А Прокоп колебался — выходить или нет, стоял, как все, лицом к музыкантам и что-то переспрашивал у своей Сони. Наконец отдал ей картуз и вышел в круг. Обрадованная толпа заревела с новой силой, возбужденные голоса звучали на разных октавах и, казалось, достигали самого неба, мокловодовцы опять начали теснить друг друга.
Прокоп ловко вскочил на качающуюся дверь, встал по оси этого необычного помоста, приосанился и чуть заметно кивнул музыкантам — давай, мол. Прикипев глазами к бригадиру, люди замерли в ожидании. Он был сегодня жизнерадостен и пылок, как совсем молодой парень, — в зеленоватой, с белым подворотничком армейской гимнастерке, перехваченной широким ремнем, в синих галифе с красными кантами. На ногах блестели хромовые праздничные сапоги с собранными в гармошку голенищами.

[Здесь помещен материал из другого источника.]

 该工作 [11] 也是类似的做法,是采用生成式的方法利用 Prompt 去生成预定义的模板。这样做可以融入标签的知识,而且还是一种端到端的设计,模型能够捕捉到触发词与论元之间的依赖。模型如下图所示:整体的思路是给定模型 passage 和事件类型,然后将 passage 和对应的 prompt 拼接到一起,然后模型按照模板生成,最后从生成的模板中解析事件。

Будто примериваясь, Прокоп едва коснулся сапогами противоположных концов лежавшей на кругляке двери и, должно быть обретя уверенность, пошел-пошел под музыку, ускоряя темп, усложняя движения. Точно огонь вспыхнул у него под ногами, точно выписывал он живые огненные картины не на простой сосновой двери, временно снятой с петель, а в воздухе, в синем пламени над горящими угольями, до которых нельзя дотронуться. Помост не качнется, не наклонится ни в ту, ни в другую сторону. И если б не легкий скрип, иногда прорывающийся из-под сапог, можно подумать, что Прокоп совсем не прикасается к двери, а летает над ней, как пушинка, — так незаметно и быстро успевал он перемахнуть с одного края на другой. Когда же Прокоп пропел предваряющий кульминацию зачин — «З помийниці воду брала, гречаники учиняла, пеленою накривала», — мокловодовцам, стоявшим до тех пор совершенно неподвижно, передалось его настроение и они, не в силах сдержать своих чувств, стали хлопать в ладоши и притопывать. Прокоп же с каждой минутой неистовствовал все больше, не щадил себя, точно плясал последний раз в жизни.

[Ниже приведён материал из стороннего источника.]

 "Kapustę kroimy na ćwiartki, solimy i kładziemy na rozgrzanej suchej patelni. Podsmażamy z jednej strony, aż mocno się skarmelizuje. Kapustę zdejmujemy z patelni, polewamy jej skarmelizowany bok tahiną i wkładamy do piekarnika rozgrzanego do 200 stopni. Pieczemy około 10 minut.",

Дверь качалась, то поднимаясь, то опускаясь. Порой казалось, что теперь-то уж Прокопу ни за что ее не удержать, не добиться равновесия. Вот-вот она уткнется в землю и погаснет фантастический танец. Но так лишь казалось. У этой качавшейся поверхности была определенная амплитуда колебаний, и Прокоп благодаря своей необъяснимой пластичности и легкости умел сохранять ее в необходимых границах. Теперь, когда все, ритмично хлопая в ладоши, приговаривали «три лопати поламала — гречаники витягала», было такое впечатление, что не Прокоп танцует под музыку, а музыка играет под его танец. У него крылья, он весь на пружинах!..

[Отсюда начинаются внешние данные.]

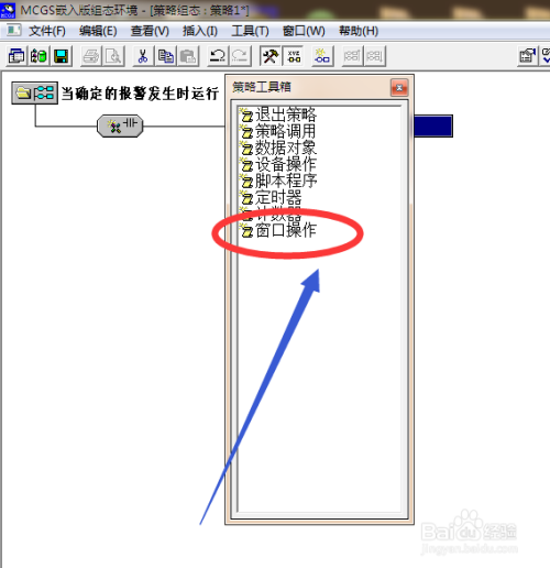 在策略工具箱窗口中选择【窗口操作】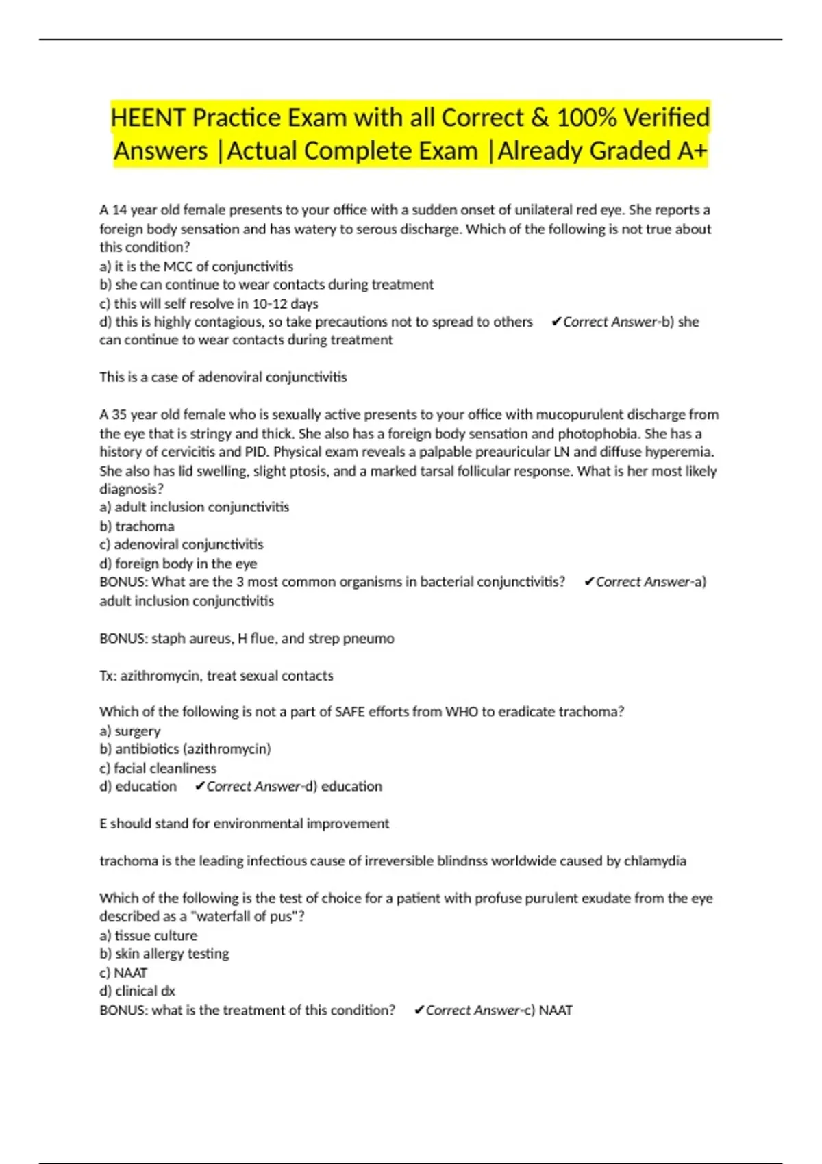 HEENT Practice Exam with all Correct & 100% Verified Answers |Actual Complete Exam |Already Graded A+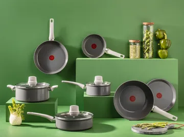 Das Renew ON Pfannen-Set im 2 Teile von Tefal ist aus recyceltem Aluminium hergestellt. Diese in Frankreich hergestellten Pfannen haben eine langlebige keramische Antihaftbeschichtung, die das Kochen mit weniger Fett erleichtert. Mit dem intelligenten Temperaturindikator Thermo-Signal™ und der Kompatibilität mit allen Herdarten bieten sie eine einfache Handhabung und Reinigung.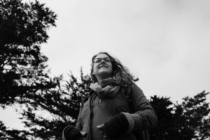 Captured against a dramatic sky, a woman stands with a bright smile, embodying the spirit of adventure. The black-and-white composition highlights her expression and the surrounding trees, creating a serene yet uplifting mood. The soft light accentuates her features while the shadows of the foliage add depth to the scene.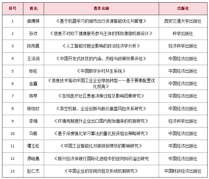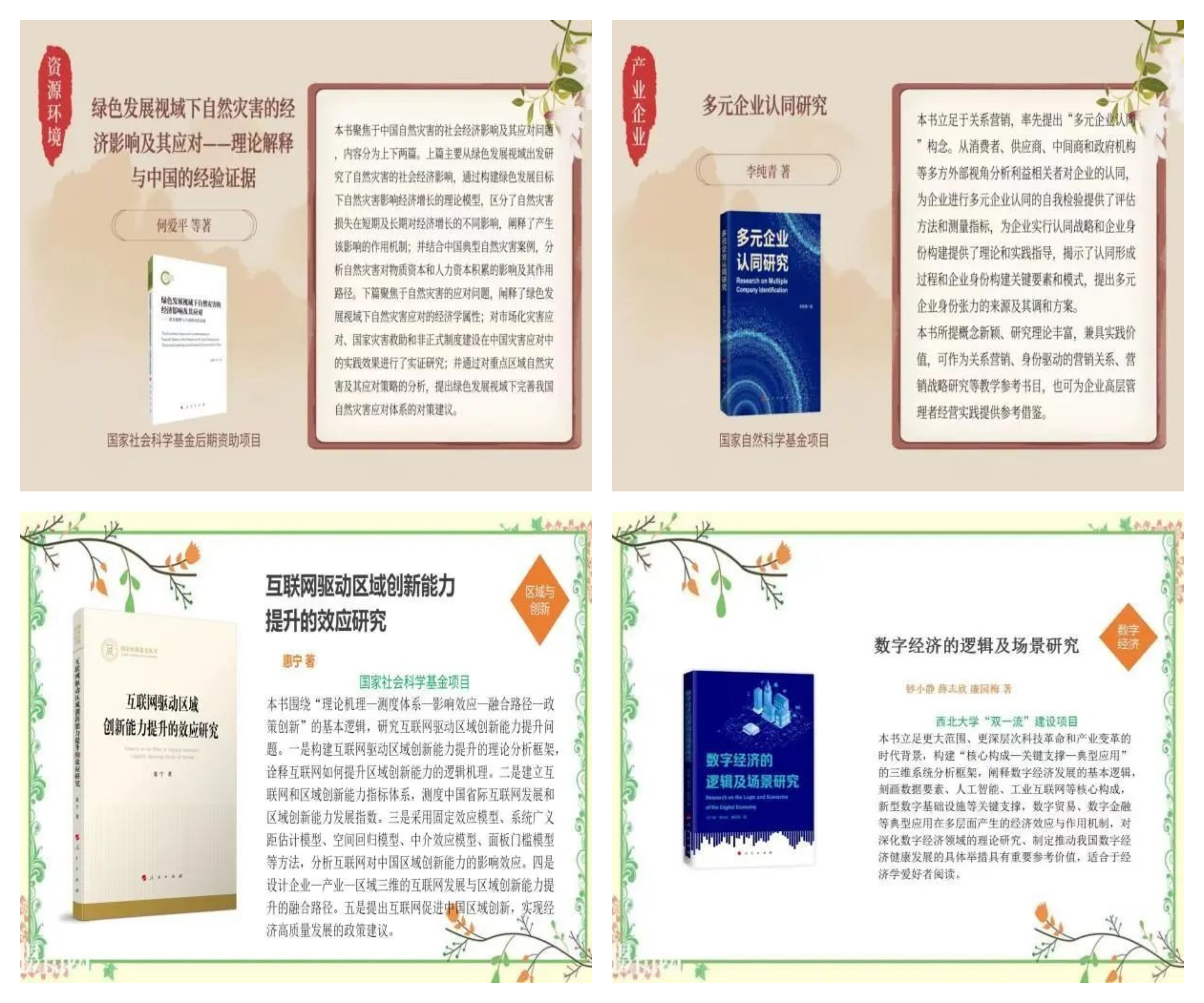 2023年全年在人民出版社、三联出版社、社会科学文献出版社、科学出版社等出版学术专著共18部,其中《绿色发展视域下自然灾害的经济影响及其应对——理论解释与中国的经验证据》、《多元企业认同研究》、《互联网驱动区域创新能力提升的效应研究》《数字经济的逻辑及场景研究》等多部著作获得人民出版社季度好书榜推荐。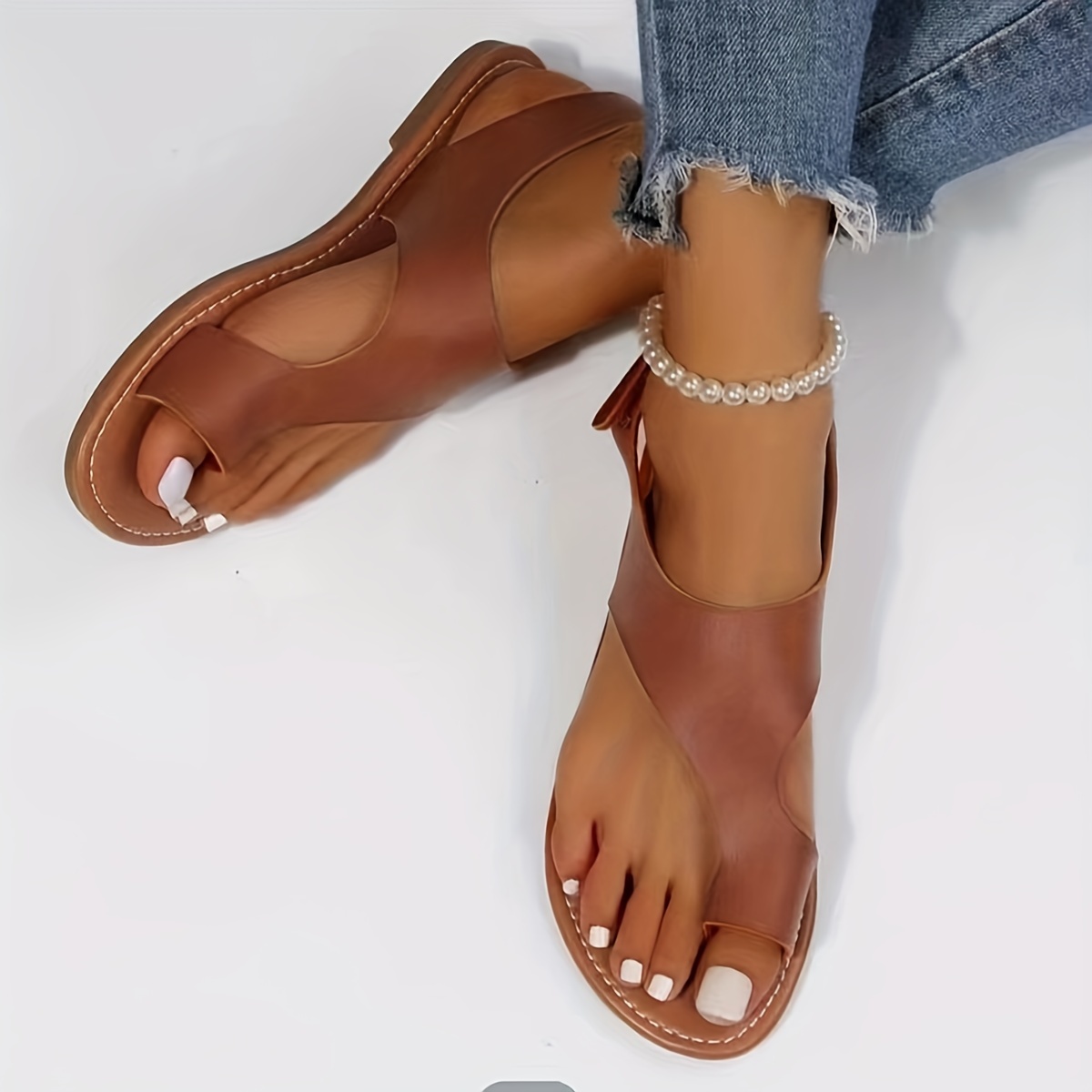 Women's Simple Flat Sandals, Casual Loop Toe Summer Shoes, Lightweight Ankle Strap Sandals

Я уже не различал ни лиц, ни цветов, ясно видел только ту часть пространства, где помещался помост. Но вот Прокоп спрыгнул на землю. Мокловодовцев пригласили в клуб, они толпой повалили в настежь распахнутые двери. А перед моими глазами все еще плясал Прокоп Лядовский, я старался понять его танец и никак не мог…
Медленно слез с сосны на скамейку, где минуту назад сидели музыканты, попытался пробиться сквозь толпу направо или налево, так сказать, вверх или вниз по течению, однако мне это не удалось, людской поток подхватил меня и вынес к сцене, где за столом, застеленным красной скатертью, сидели наши и чужие мужчины: по-видимому, ждали, пока люди угомонятся. Неожиданно заговорил председатель, и все встало на свои места: один с трибуны держит речь, остальные слушают. Потом еще многие выступали, говорили громко и долго, дольше всех — приезжий. У меня начали болеть ноги, я устал стоять и сел рядом с нашими ребятами прямо на пол у стены: хотелось дождаться обещанного после собрания концерта. Я надеялся, что нас не выгонят и я еще раз увижу Прокоповы «гречаники».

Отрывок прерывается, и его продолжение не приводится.